Data to use.
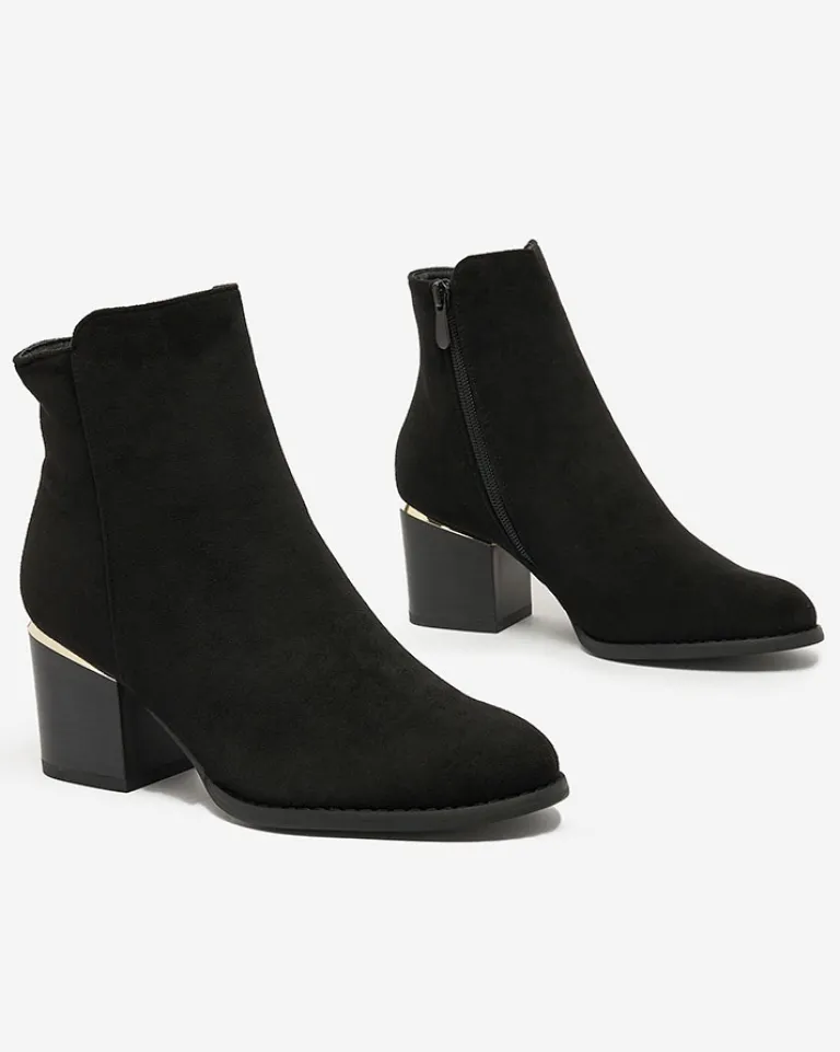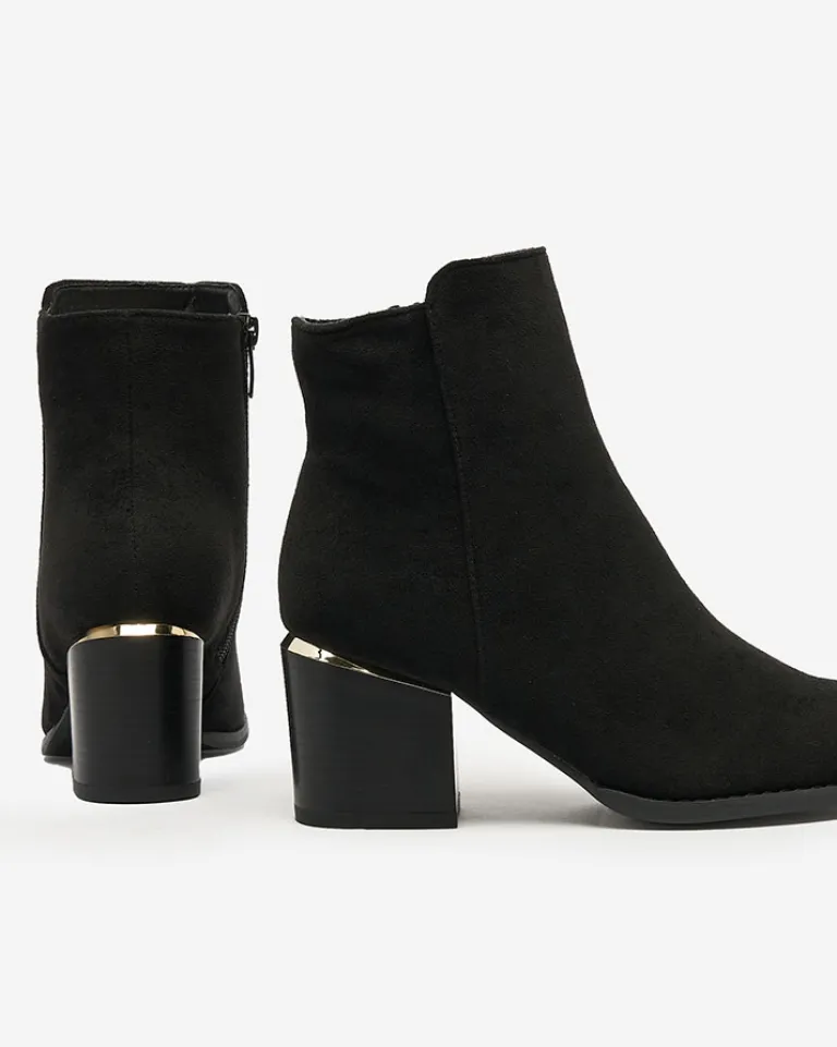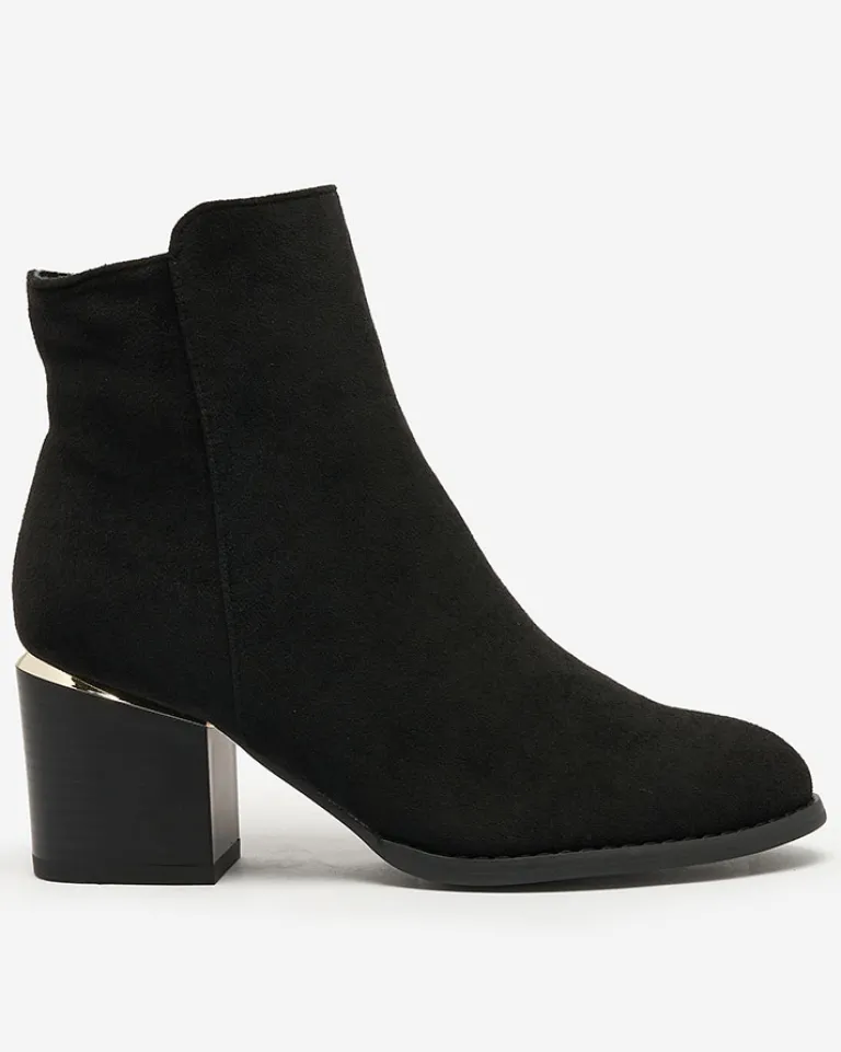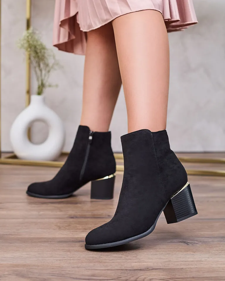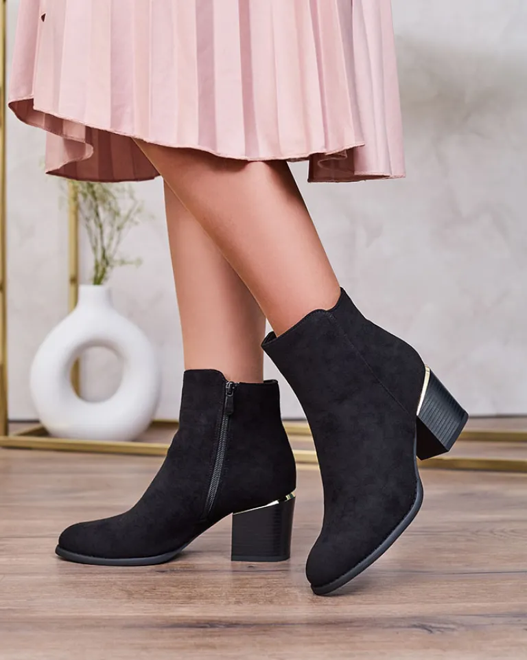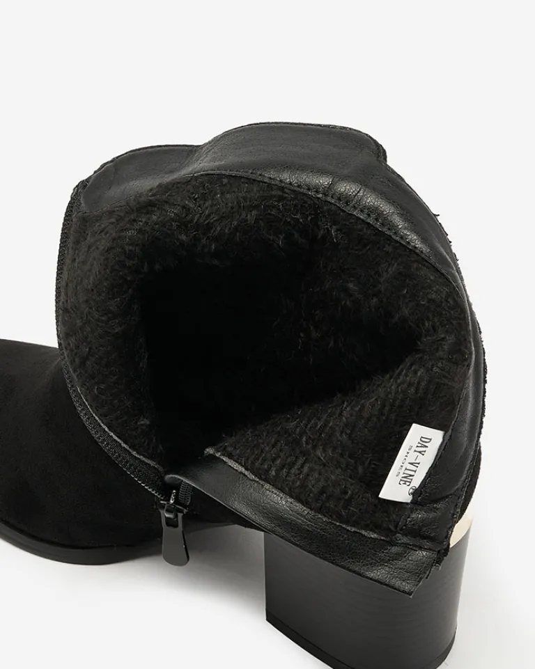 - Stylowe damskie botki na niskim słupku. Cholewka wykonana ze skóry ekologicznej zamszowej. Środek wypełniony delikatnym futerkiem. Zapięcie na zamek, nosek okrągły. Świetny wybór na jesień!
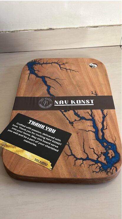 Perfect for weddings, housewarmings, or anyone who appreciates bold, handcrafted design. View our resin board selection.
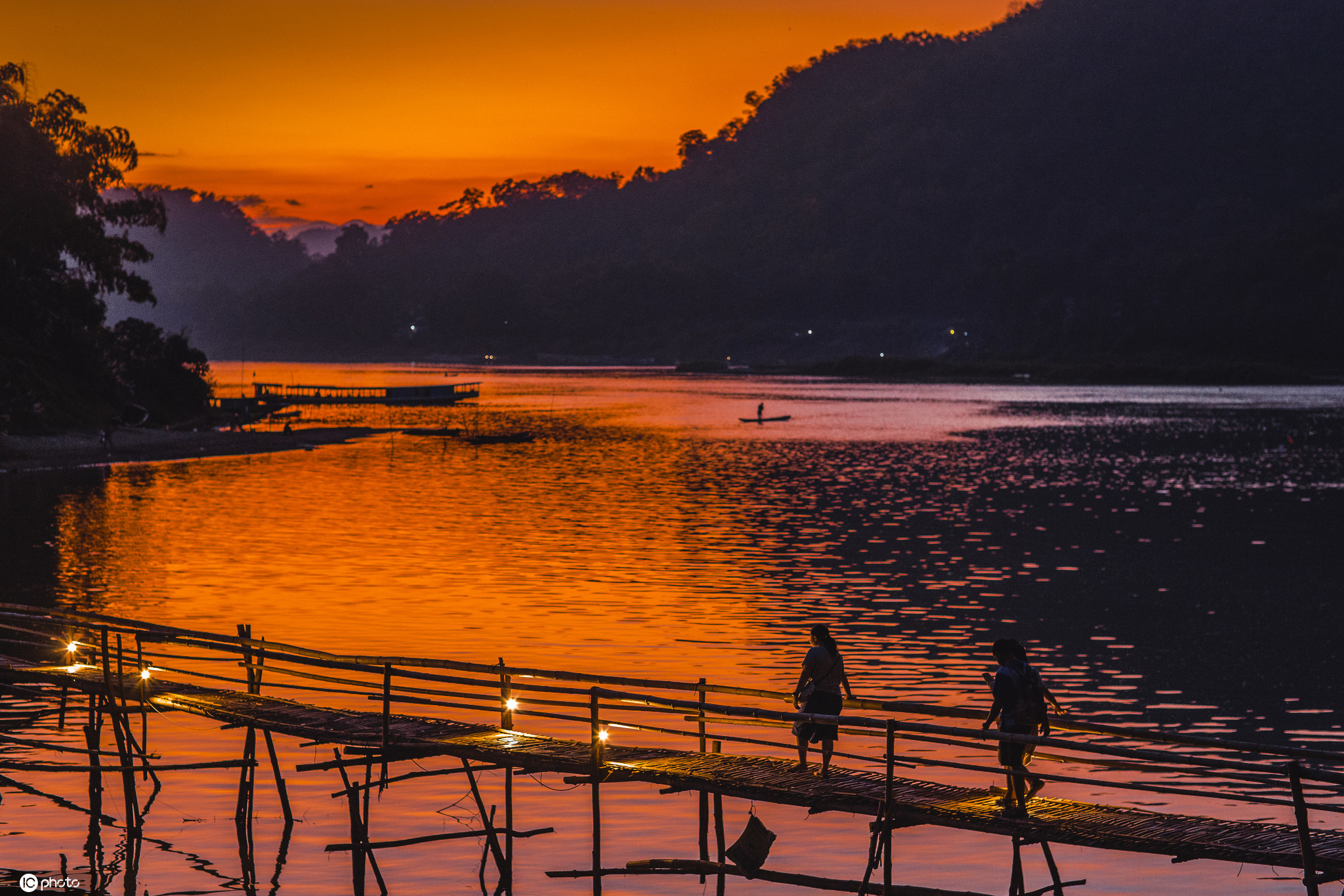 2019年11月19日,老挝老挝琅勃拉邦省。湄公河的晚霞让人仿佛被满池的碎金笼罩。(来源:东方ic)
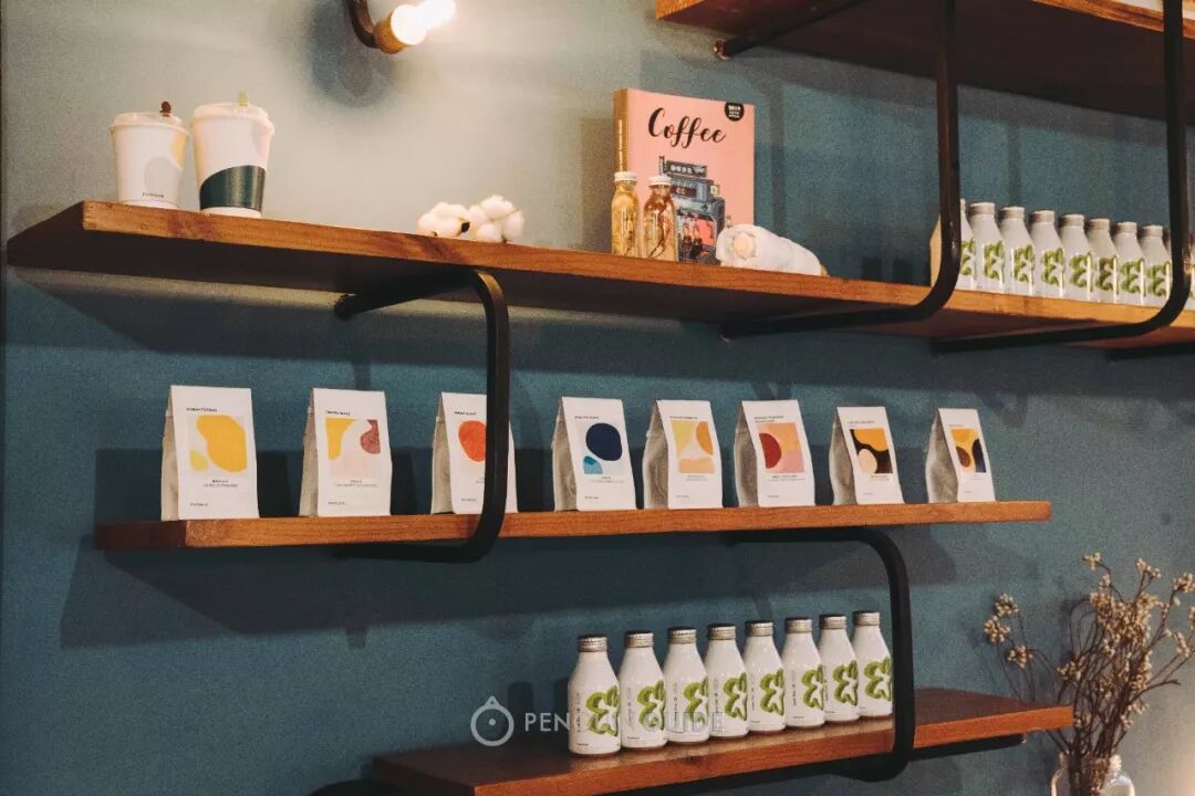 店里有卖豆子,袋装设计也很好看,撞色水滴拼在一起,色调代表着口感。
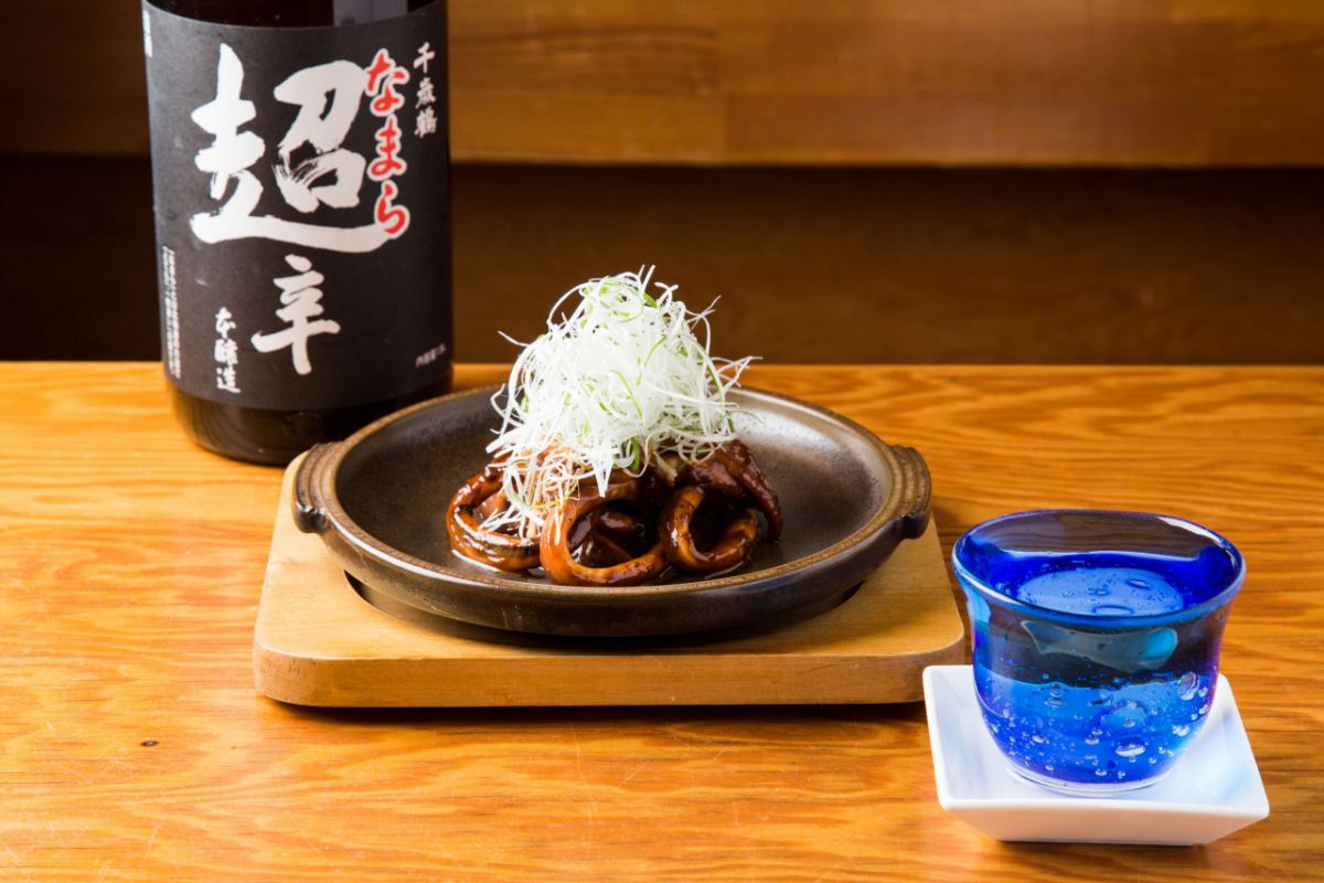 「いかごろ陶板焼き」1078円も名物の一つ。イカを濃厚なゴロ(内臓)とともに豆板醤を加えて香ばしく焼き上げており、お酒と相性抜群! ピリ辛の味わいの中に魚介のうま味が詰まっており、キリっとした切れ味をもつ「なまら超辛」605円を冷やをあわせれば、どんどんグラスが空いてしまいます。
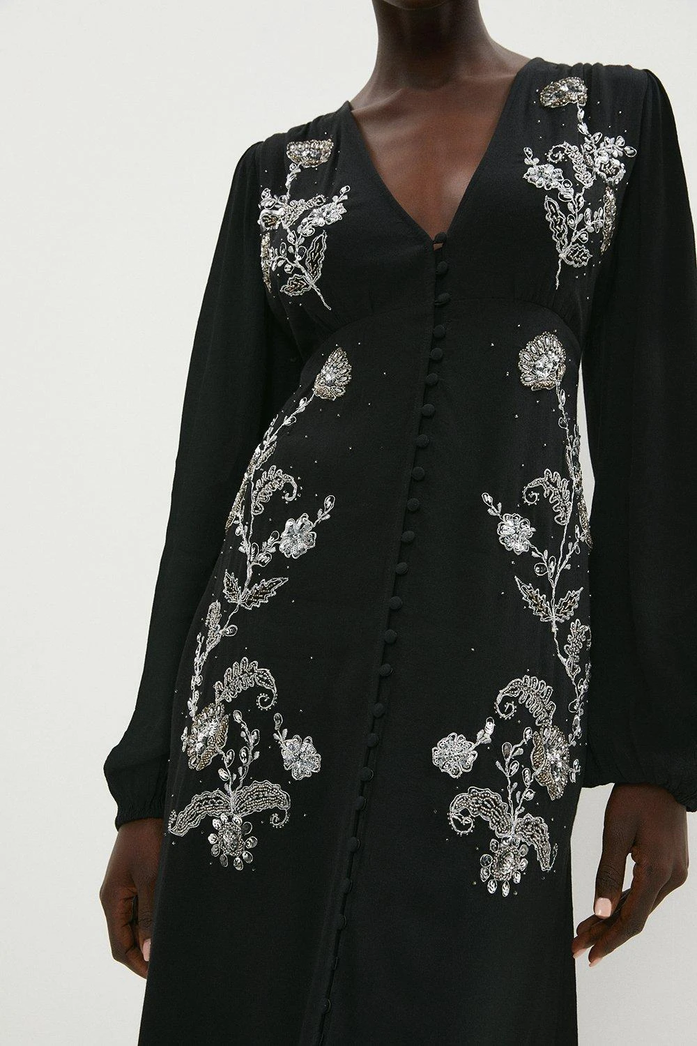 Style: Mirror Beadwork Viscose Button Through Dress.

Exercise requirements.
Every line from the one with "2019年11月19日,老挝" through the end of the records is to be reproduced exactly, and the pictures are to be left out.

Response to the task.
 2019年11月19日,老挝老挝琅勃拉邦省。湄公河的晚霞让人仿佛被满池的碎金笼罩。(来源:东方ic)
 店里有卖豆子,袋装设计也很好看,撞色水滴拼在一起,色调代表着口感。
 「いかごろ陶板焼き」1078円も名物の一つ。イカを濃厚なゴロ(内臓)とともに豆板醤を加えて香ばしく焼き上げており、お酒と相性抜群! ピリ辛の味わいの中に魚介のうま味が詰まっており、キリっとした切れ味をもつ「なまら超辛」605円を冷やをあわせれば、どんどんグラスが空いてしまいます。
 Style: Mirror Beadwork Viscose Button Through Dress.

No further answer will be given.